On Monday of this week, the EEOC issued what it calls a “Resource Document” related to employer-provided leave as a reasonable accommodation under the ADA.  The document can be found here:  This document confirms that the EEOC is serious about enforcing its position that unpaid leave is a form of reasonable accommodation for an employee with a disability under the ADA.  It also contains some helpful guidance regarding the EEOC’s positions on this matter.  The document points out that disabled employees who request leave provided under employer policies cannot be subjected to stricter requirements than are applied to non-disabled employees.  For example, the EEOC’s position is that an employer that routinely allows employees to take a few days of annual leave without any explanation of how the leave will be used should not deny annual leave to a disabled employee who specifically states the leave is needed for purposes related to the disability.  The document also confirms that an employer should not penalize a disabled employee for use of leave as an accommodation, such as on performance evaluations or under employer absence policies.  The document further reminds employers that they must consider granting reasonable accommodations to allow a disabled employee to return to work after taking leave, such as modification of the employee’s work space or schedule, or reassignment to a vacant position, and EEOC takes the position that the employer must allow the employee to return to his or her original position after taking leave unless doing so would be an undue hardship.

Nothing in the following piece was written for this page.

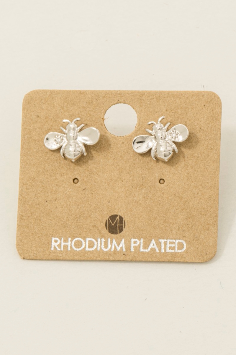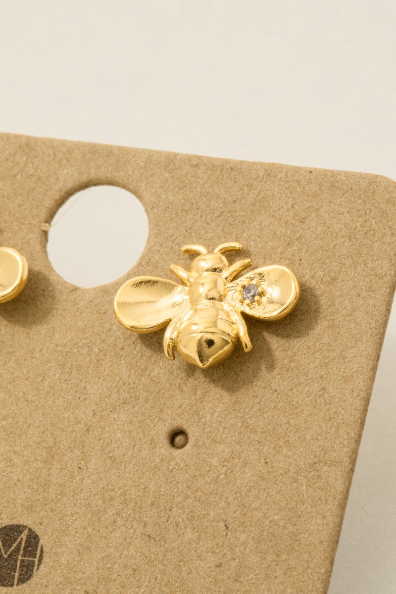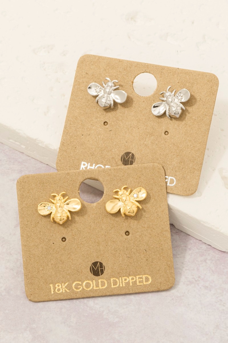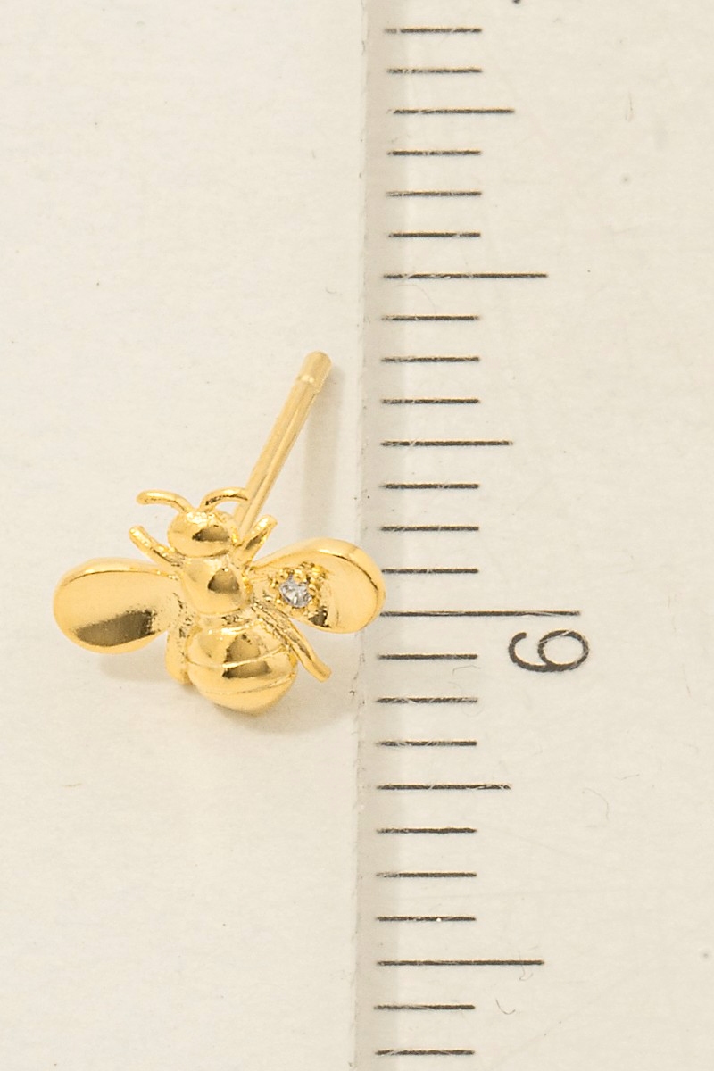 - This pair of stud earrings displays a vibrant gold dipped cubic zirconia bumble bee style. Redefine your look effortlessly with this standout, on-trend piece.

Although the above guidance is somewhat helpful, what stands out the most to me is what the document does not say: how much leave an employer is required to grant a disabled employee as a reasonable accommodation.  While the FMLA provides for a fairly clear cut 12 weeks of leave within a 12 month period, the EEOC does not place any such limitations on how much leave is required under the ADA.  The EEOC’s document makes a point of instructing employers that additional leave beyond the 12 weeks granted under the FMLA can be a required accommodation, but does not give any clear guidance as to how much additional leave must be granted.  What that says to me is, any time an employer denies an employee’s request for additional unpaid leave as an accommodation under the ADA, the employer must be able to articulate how the additional leave would create an undue hardship on the employer’s business.  It is some consolation, however, that the federal Fifth Circuit Court of Appeals, which decides federal employment cases coming out of Texas, appears to take a more restrictive view than the EEOC of when and how much leave is required to be granted as a reasonable accommodation.